Omdat de tussentijdse evaluatie vooral kijkt naar de algemene werking van de wet is ook een verdiepend onderzoek uitgevoerd naar hoe de wet in de praktijk uitpakt voor verschillende groepen die te maken krijgen met de beslagvrije voet. De nieuwe berekeningswijze van de beslagvrije voet maakt onderscheid naar leef- en gezinssituaties. In het verdiepend onderzoek wordt gekeken of de wijzigingen overeenkomen zoals met het wetsvoorstel was beoogd. Daarnaast worden de verschillende uitkomsten van de beslagvrije voet naar leef- en gezinssituaties vergeleken met de minimumvoorbeeldbegrotingen, zoals berekend door de Commissie sociaal minimum, om te bezien of in de praktijk voldoende rekening wordt gehouden met leef- en gezinsspecifieke uitgaven.2 In deze beleidsreactie zal tevens worden stilgestaan bij recente bevindingen van de Raad voor Volksgezondheid en Samenleving en KPMG over de werking van de beslagvrije voet.3, 4

Aanleiding van de wet Vbvv was dat de beslagvrije voet voorheen in veel gevallen te laag werd vastgesteld. Vaak kwam dat doordat belangrijke informatie ontbrak die door beslagenen zelf had moeten worden aangeleverd. Als beslagenen informatie aanleverden was dit doorgaans te weinig of onjuist waardoor de beslagvrije voet niet correct kon worden bepaald.

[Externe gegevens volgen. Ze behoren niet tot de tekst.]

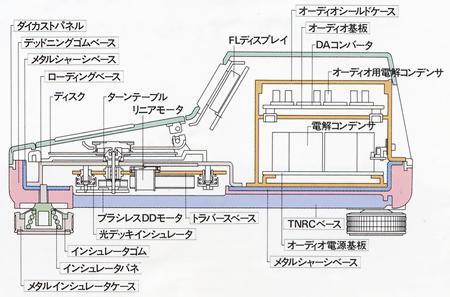 음압에 의한 진동에 대해서는, 금속 메탈 섀시, 특수 제진 시트, TNRC의 이종 소재에 의한 다층 구조 중량 베이스를 채용하고 있습니다. 그리고 캐비닛은 견고한 아연 다이캐스트 일체 성형 구조로 하고, 또한 바닥으로부터의 진동에는 4개의 대형 인슐레이터와 광학 데크의 더블 인슐레이터 구성으로 대응하고 있습니다.

Ook werden de procedures gezien als complex en ontstonden er problemen bij samenloop van beslagen, bijvoorbeeld doordat er geregeld beslag werd gelegd op meerdere inkomstenbronnen tegelijk, er gebrek was aan overzicht over beslagen en doordat de beslagene te maken kon krijgen met verschillende beslagvrije voeten berekend door verschillende beslagleggende partijen.

Hoewel een definitieve conclusie nog niet mogelijk is, is het beeld na de tussentijdse evaluatie dat voor meer mensen die te maken krijgen met beslag, de beslagvrije voet sinds 2021 correct wordt vastgesteld. Voor een sluitend antwoord zijn meer gegevens nodig op casusniveau waarover later in deze brief meer informatie. Door afspraken over de beslagvolgorde, sinds de invoering van de wet Vbvv, wordt er zoveel mogelijk op één inkomstenbron beslag gelegd waardoor de beslagvrije voet beter wordt geborgd. In geval van samenloop van meerdere beslagen is de coördinatie tussen beslagleggende partijen sterk verbeterd door de introductie van de beslagvolgorde en de rol van coördinerend deurwaarder maar kent de uitvoeringspraktijk nog beperkingen.

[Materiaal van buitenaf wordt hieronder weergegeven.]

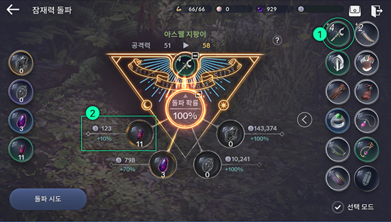 Ÿ °ÔÀÓ°ú ´Þ¸®, ÁÖ¿äÀåºñ ÀáÀç·Â µ¹ÆÄ È®·üÀ» À¯Àú°¡ Á÷Á¢ ¼³Á¤ÀÌ °¡´ÉÇÏ´Ù. ºí·¢½ºÅæ µî±Þ¿¡ µû¶ó µ¹ÆÄ È®·ü Áõ°¡·®ÀÌ ´Þ¶óÁö¸ç, ¼±ÅÃÇÑ ºí·¢½ºÅæ °³¼ö¸¸Å Àåºñ µ¹ÆÄ È®·üÀÌ ´©ÀûµÈ´Ù.

Met tevredenheid stel ik vast dat het systeem in de meeste gevallen beter functioneert. Aanvullend aan de hoofdconclusie biedt het rapport nuttige aanknopingspunten voor verbetering en ondersteuning bij de berekening en uitvoering van de beslagvrije voet en ondersteuning van de publieke en private ketenpartners. Verder beveelt het rapport vervolgonderzoek aan richting de definitieve wetsevaluatie in 2026. Hoewel de nieuwe wet in algemene zin tot verbeteringen heeft geleid, vraagt het verdiepend onderzoek aandacht voor de doorwerking van de beslagvrije voet onder specifieke omstandigheden. Hierop zal in deze brief nader worden ingegaan.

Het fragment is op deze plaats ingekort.